Subject to suspensive conditions of bond approval
For clarities sake, a suspensive condition suspends the obligations flowing from a contract until the occurrence of an uncertain future event. As an example, the obligations flowing from an OTP could be subject to the purchaser obtaining bond approval. Once the purchaser obtains the approval, the contract comes into operation and would be binding on the parties. Importantly, the agent would also have earned their right to commission which would become due on date of transfer.
In light of the above, it is of the utmost importance for the purchaser to familiarise himself/herself with the terms and conditions of the OTP. Due consideration must be given to aspects such as date of occupation, occupational rent, improvements made and general conditions of sale. Once signed and provided the suspensive condition(s) are fulfilled, the purchaser is bound to that agreement.

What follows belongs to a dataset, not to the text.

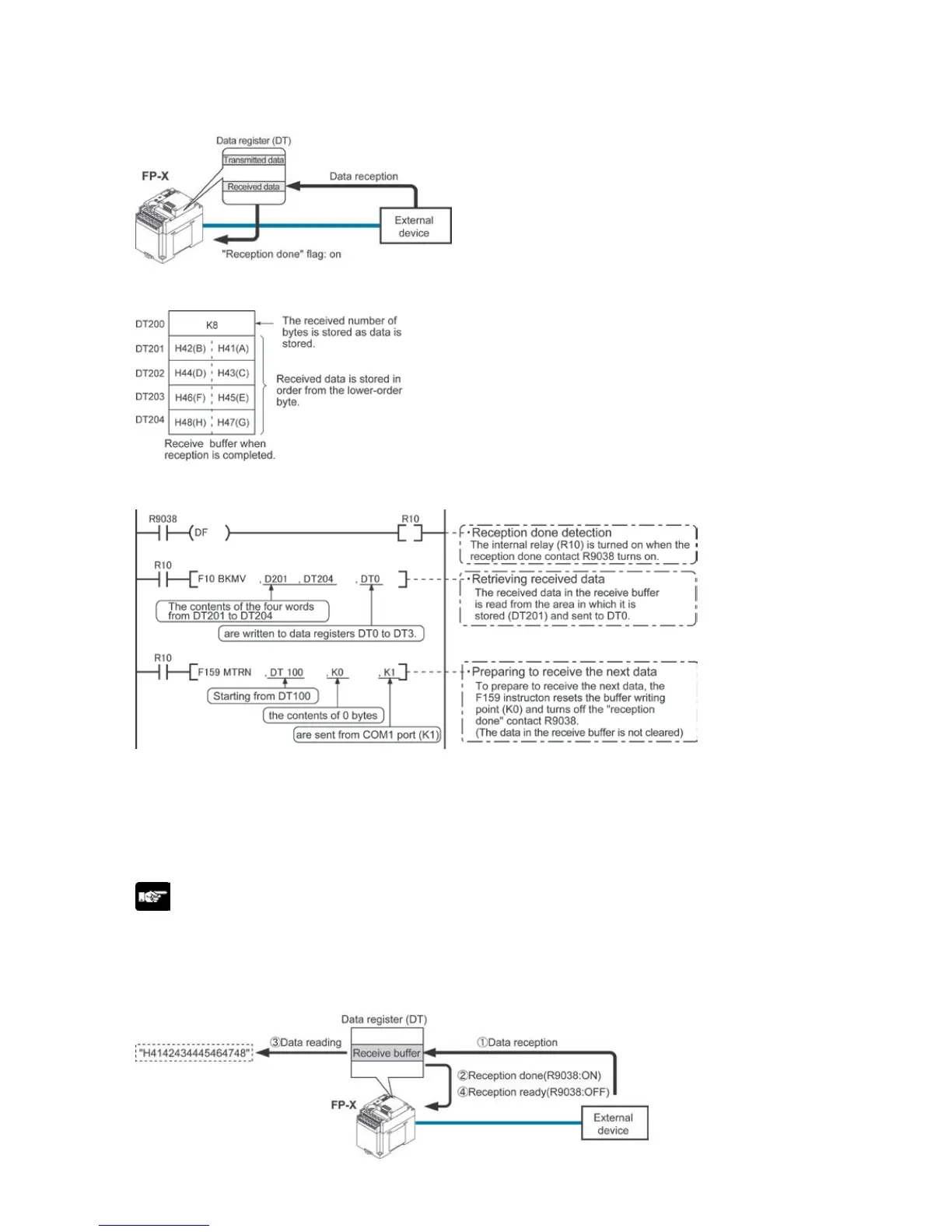 3) The received data is sent from the receive buffer to the area starting with data register DT0.

'In breach, without any underlying legal cause'
Should any party fail to adhere to the terms of the OTP without an underlying legal cause, that party will stand in breach of the contract. The other party would thus be entitled to cancellation, to claim damages or to claim for specific performance. Additionally, the party who stands in breach could also be held liable for the agent’s commission where the relevant suspensive conditions have been fulfilled.

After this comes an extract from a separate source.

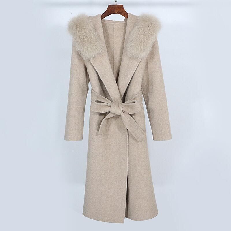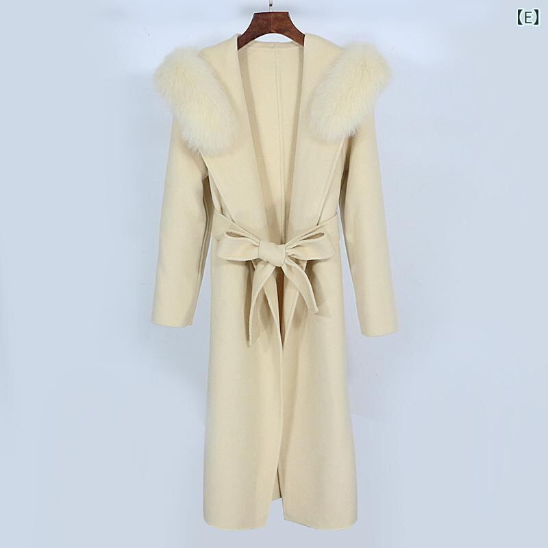 コート レディース フーデッド ダブルフェイス カシミヤ ウール フォックスファー襟 ロング丈 スリムフィット きれいめ エレガント 秋冬 アウター オフホワイト ブラック グレー

In this instance, it seems that the agreement was subject to bond approval which was subsequently obtained. The purchaser would thus stand in breach should he/she cancel the agreement unless he/she has an underlying legal cause. Which brings us to the relevant discussion below.

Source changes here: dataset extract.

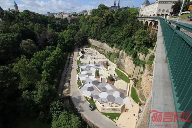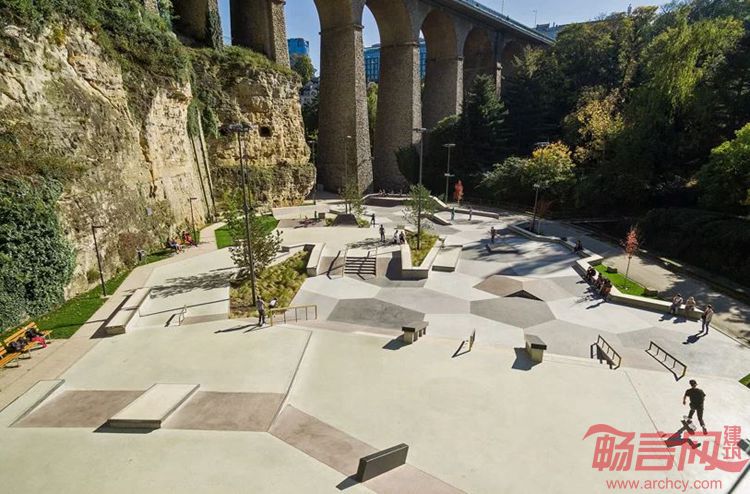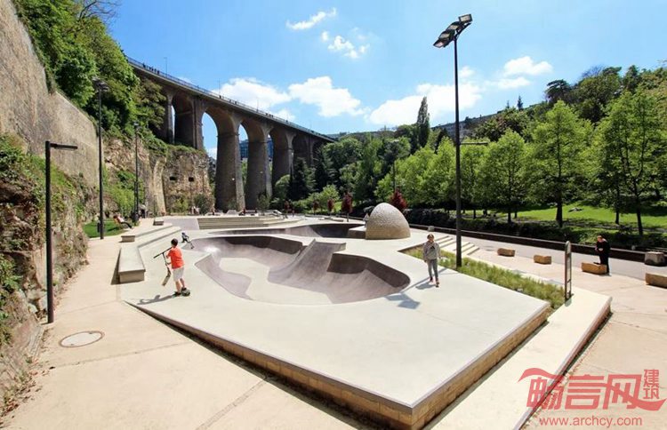 法国Constructo公司设计了卢森堡滑板公园。项目参照联合国教科文组织世界遗产——Vauban城堡,进行了重新诠释。项目坐落于Peitruss峡谷公园,充当了老城区和新城区之间的天然界限。滑板公园面积2750平方米,涵盖小型碗池,较大的球形碗池,带有金属管的滑板池,道路穹顶和道路广场。

Within our law of contract, a party who signs a document containing contractual terms is generally bound by his/her signature whether he/she read the document or not.
'Grounds of misrepresentation'
However, this rule is not absolute. The law also recognises that it would be unconscionable for a person to enforce the terms of a document where he/she misled the signatory, whether intentionally or not. Furthermore, in terms of industry specific regulations, an estate agent should not wilfully or negligently make any false statements or misrepresentations or willingly mislead and influence a prospective purchaser.
With that being said, in this scenario the agent made false statements to the purchaser regarding the date of occupation and thus made a misrepresentation which had the purchaser being aware of, would not have entered into the contract. The purchaser would have a legal ground to cancel making the agreement voidable at the purchaser’s election. If the purchaser cancels the agreement, he/she should be placed in the same position as prior to the conclusion of the offer to purchase.
Even though the misrepresentation was made by the estate agent it was done within the scope of his/her mandate authorised by the seller. The seller therefore in return would have a claim against the estate agent for any damages suffered as a result of the cancellation of the agreement.